YOUR TASK: Everything from the line that has "新年守夜灯笼led灯2026春节阳台装饰 大红灯笼伴侣内置七彩旋转灯" to the last line of the listing must be repeated exactly, and nothing more; omit the pictures.

DATA:

= Beginning of Section =

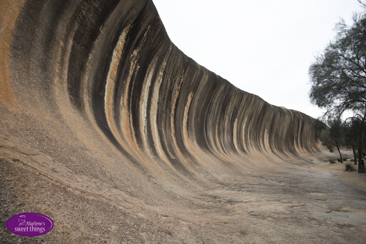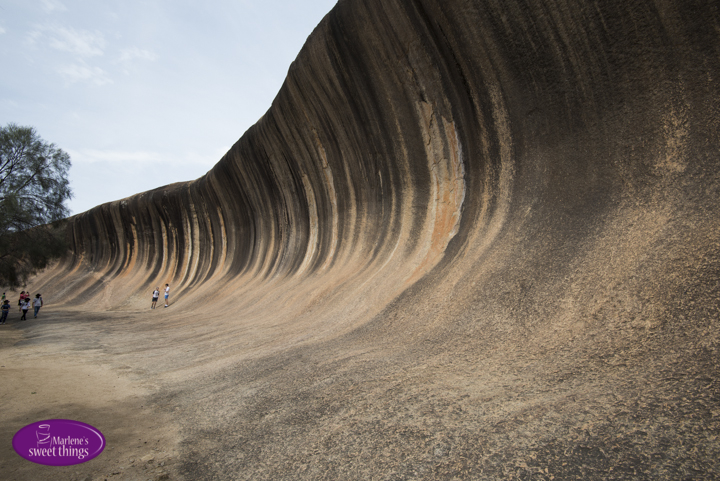 340km östlich von Perth liegt das kleine Outbackdörfchen Hyden. Im Motel wurde uns mitgeteilt das Jährlich 150`000 Besucher zu ihnen strömen. Jetzt fragt man sich für was?  Aber der 2`700 Millionen Jahre alte Formation muss man gesehen haben. Das Wahrzeichen des Westen ist eine 15m hohe und 110m lange Welle. Der interessante Felsen sieht wie eine Welle aus und beinhaltet ein interessantes Farbspiel aus ockerfarbenen, sandfarbenen sowie rostroten Tönen. Wenn man sich auf die steile Kante stellt, hat man das Gefühl, dass jeden Moment die Welle bricht wie im Meer.
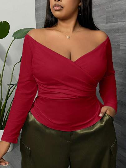 SHEIN SXY Plus Size Women Off Shoulder Crisscross Ruched Tee - Burgundy - View 1
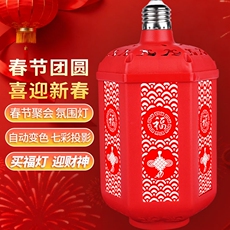 新年守夜灯笼led灯2026春节阳台装饰 大红灯笼伴侣内置七彩旋转灯
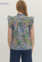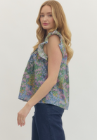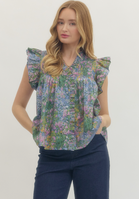This effortless blouse features soft flutter sleeves and a relaxed, airy silhouette for a feminine yet easygoing feel. Designed with a flattering V-neckline and button-front detail, it’s finished with a delicate ruffle trim that adds subtle texture and charm. The allover painterly floral print brings depth and color, making this top a standout piece that pairs beautifully with denim, trousers, or skirts for everyday polish.

= End of Section =

ANSWER SPACE:
 新年守夜灯笼led灯2026春节阳台装饰 大红灯笼伴侣内置七彩旋转灯
This effortless blouse features soft flutter sleeves and a relaxed, airy silhouette for a feminine yet easygoing feel. Designed with a flattering V-neckline and button-front detail, it’s finished with a delicate ruffle trim that adds subtle texture and charm. The allover painterly floral print brings depth and color, making this top a standout piece that pairs beautifully with denim, trousers, or skirts for everyday polish.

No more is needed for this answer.